Literature DB >> 562097

Criteria for early extubation after intracardiac surgery in adults.

O Prakash, B Jonson, S Meij, E Bos, P G Hugenholtz, J Nauta, W Hekman.   

Abstract

Of 142 adult patients undergoing open-heart surgery, 123 were extubated either in the operating room or within 3 hours after admission to the recovery room, to avoid the discomfort and risks of prolonged mechanical ventilation. The remaining 19 patients, who had impaired cardiac function, were mechanically ventilated for 1 to 7 days postoperatively.
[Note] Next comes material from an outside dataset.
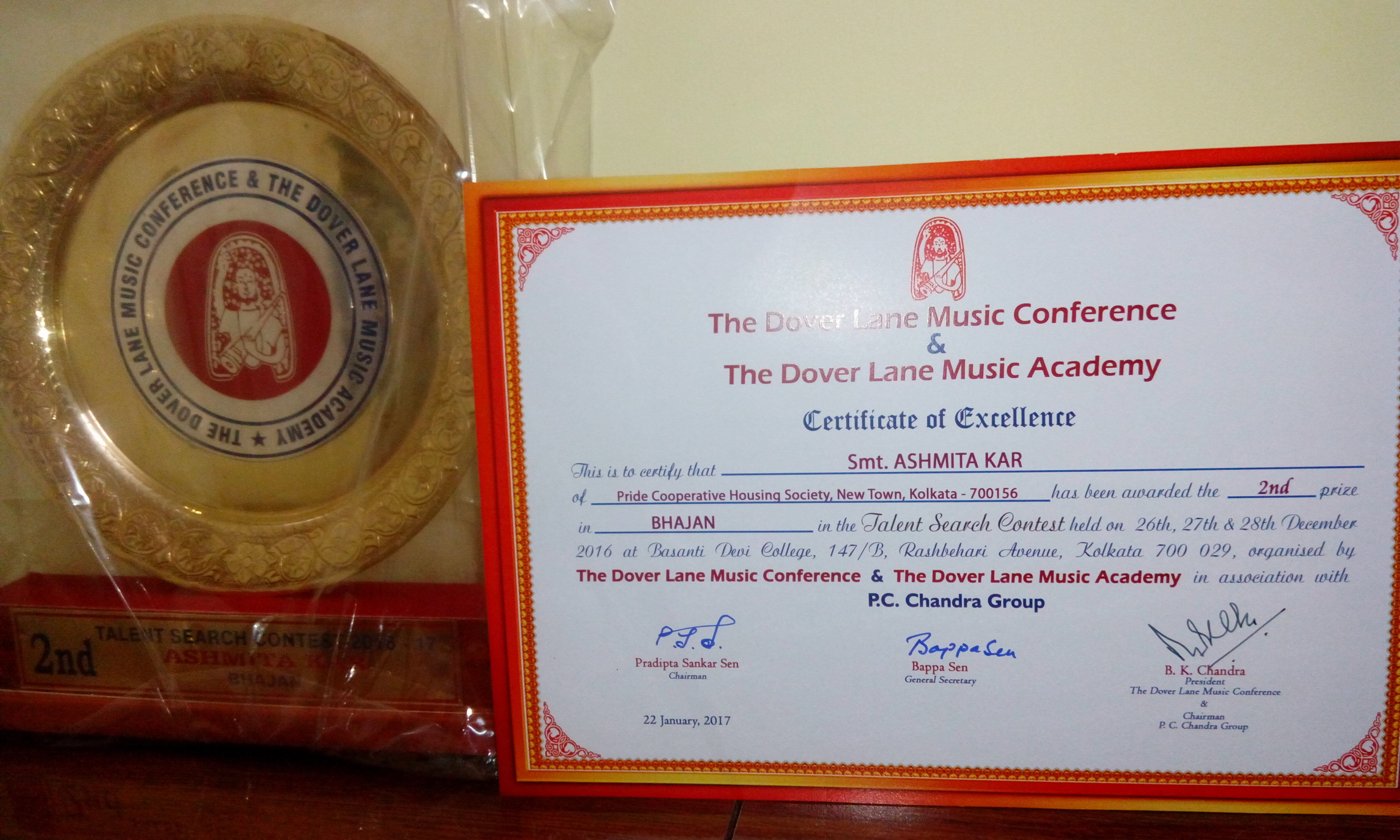 In top 9th of Zee TV Saregamapa 2016 at Mumbai; Versatile Singer of all genres; Recent Play back done in Bengali Film "Ei Shohore". In Dover lane Music Conference & Music Academy Talent Search 2016 attained 2nd position in singing of Bhajan, In WB Rajya Sangeet Academy music contest 2016 attained 3rd position in singing "Dhrupad & Khayal; In State Level Inter College University singing contest attained 1st rank in singing "Devotional Songs". Performed on stage with bollywood singer Ash King in College Annual Fest at Kolkata. Doing regular public singing shows at Kolkata and in Delhi. |

The most important criteria for cardiopulmonary malfunction indicating the need for continued mechnical ventilation were a low mixed venous O2 saturation (SVO2) of less than 60% and a high left atrial pressure (greater than 20 torr). Of the 123 patients, 118, had an uneventful postoperative recovery and 5 needed reintubation, 2 because of low SVO2 and 3 because of complications unrelated to respiratory management. Most adult patients can spontaneously breathe adequately immediately after or within 3 hours of completed open-heart surgery, but a thorough physiologic and clinical evaluation should precede extubation, to identify those who need prolonged mechanical ventilation in the postoperative phase. Criteria for selection of patients for early extubation are presented.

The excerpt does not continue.